1. Manusia harus menjalankan syari’at
Syari’at adalah perwujudan kehendak Allah, karena melalui syari’atlah manusia
mengetahui bagaimana seharusnya ia berhubungan dengan Allah Yang Maha Pencipta
yang telah menciptakannya dan bagaimana seharusnya ia berhubungan dengan sesama
manusia di atas dunia ini
2. Manusia tidak hanya dituntut memiliki ilmu dan pengetahuan serta menguasai
teknologi semata tetapi harus diimbangi dengan keimananyang tebal dan kuat dengan
iman, ilmu pengetahuan dan teknologi digunakan sebagai alat untuk bermanfaat bagi
manusia. Dengan kata lain, imanlah yang mengendalikan ilmu pengetahuan dan
teknologi sehingga ia berhasil guna dan tepat guna. Iman menerangi hati manusia dan
membimbingnya kea rah kebenaran serta memberikan harapan akan hasil-hasil yang
baik dari suatu amal perbuatan yang baik. Iman memberikan kebahagiaan jiwa dan

rohani dalam diri manusia karena iman berfungsi memperbaiki hubungan-hubungan
sosial seperti saling menghargai, menghormati dan mengasihi.

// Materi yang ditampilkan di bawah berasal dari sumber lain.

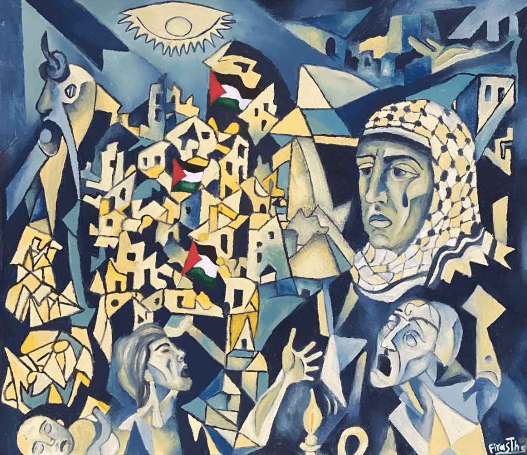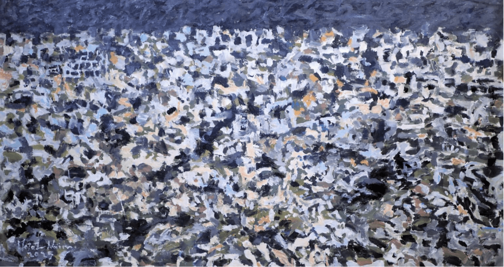 Some of the show’s most haunting images echo universal symbols of war and survival. Firas Thabet’s Gaznica (2025) recasts Picasso’s Guernica, inserting keffiyeh-clad figures and Palestinian flags into the chaos.
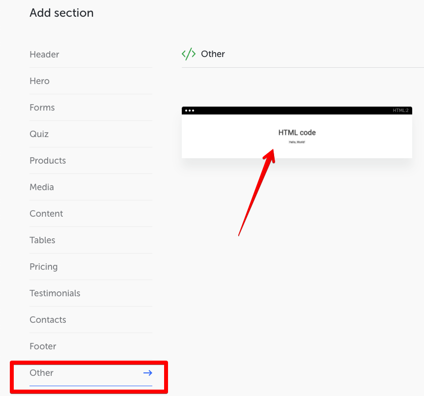 3. Next, in the dashboard, choose the “Other” category, and click on the “HTML code” widget.
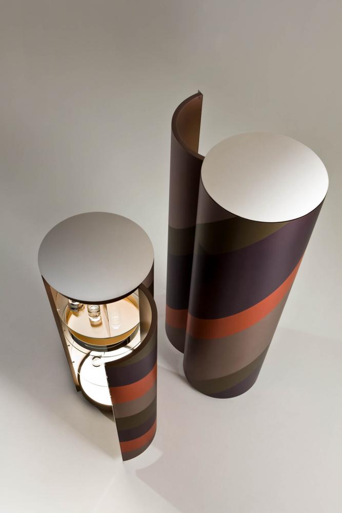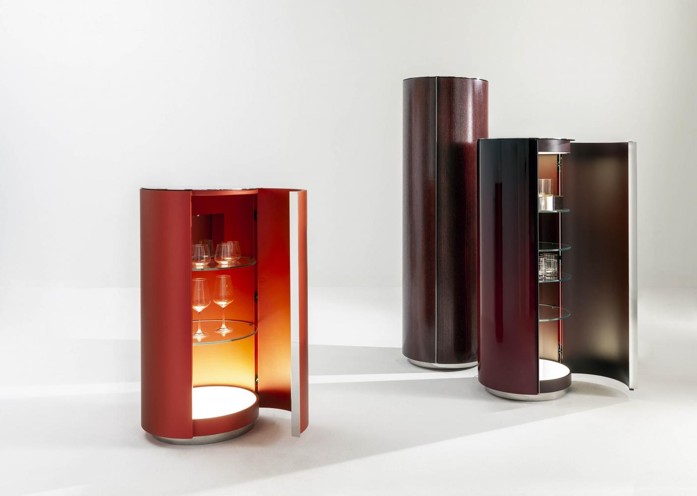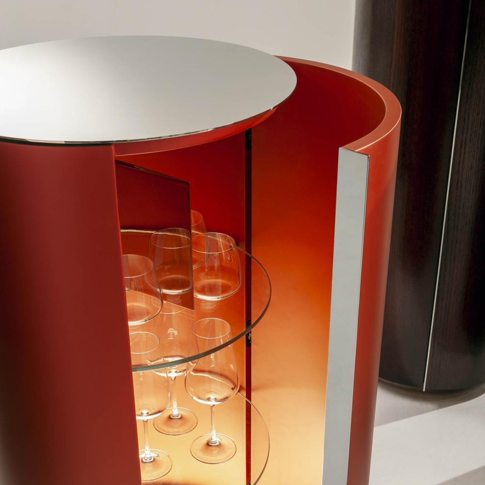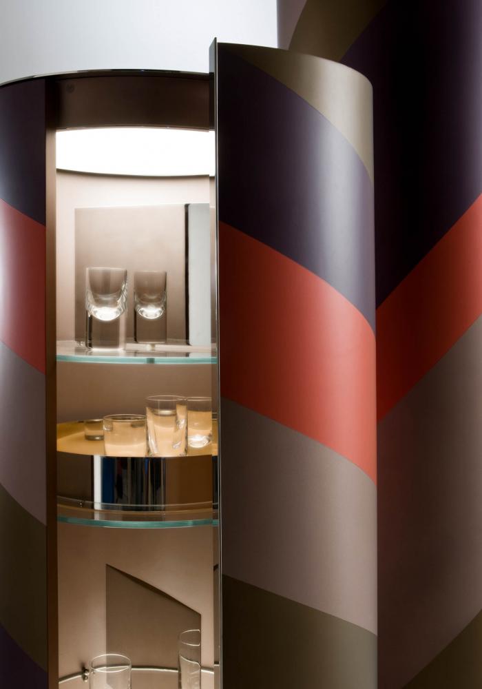 "Tango" is a set of containers born from the research on the counterpoint of proportions, diagonals and volumes. The two rhythms of helical bands that surround the cylinders are inspired by the mooring poles of the boats on Lake Como. The containers enclose an internal organization in circular glass tops, with mirror-polished steel accessories that multiply the geometries in a game of reflections.

3. Hubungan Manusia dengan Alam
Prinsip dasar hubungan manusia dengan alam atau makhluk lain di sekitarnya pada dasarnya ada
dua: pertama, kewajiban menggali dan mengelola alam dengan segala kekayaannya; dan kedua,
manusia sebagai pengelola alam tidak diperkenankan merusak lingkungan, karena pada kahirnya
hal itu akan merusak kehidupan umat manusia itu sendiri.
Mengenai prinsip yang pertama, Allah berfirman dalam Al-Quran surat Hud ayat 61:
Artinya: “Dia (Allah) telah menciptakan kamu dari bumi (tanah) dan memerintahkan kalian
memakmurkannya (mengurusnya)”.
Adapun mengenai prinsip yang kedua, yaitu agar manusia jangan merusak alam, dinyatakan oleh
Allah melalui berbagai ayat dalam Al-Quran, di antaranya dalam surat Al-A’raf ayat 56:
Artinya: “Janganlah kamu berbuat kerusakan di muka bumi sesudah (Allah) memperbaikinya”.
Dengan demikian, dapat dipahami dengan jelas bahwa kesadaran melestarikan lingkungan,
sebagaimana yang dikampanyekan oleh orang-orang sekarang ini, dasar-dasarnya telah
digariskan oleh Islam sejak lima belas abad yang lalu. Hanya saja, karena keterbelakangan,
kemiskinan, dan kebodohannya sendiri, umat Islam seringkali kurang memahami arti dari ayatayat dari Al-Quran. Oleh karena itu, salah satu tugas utama Islam adalah menghapus
keterbelakangan, kemiskinan, dan kebodohan dari kehidupan umat.
Apa yang dikemukakan diatas merupakan prinsip dasar hubungan manusia dengan alam sekitar,
yaitu prinsip pemanfaatan dan sekaligus pelestarian lingkungan alam. Agama memberi motivasi
kepada manusia untuk mewujudkan kedua hubungan itu dengan sebaik-baiknya.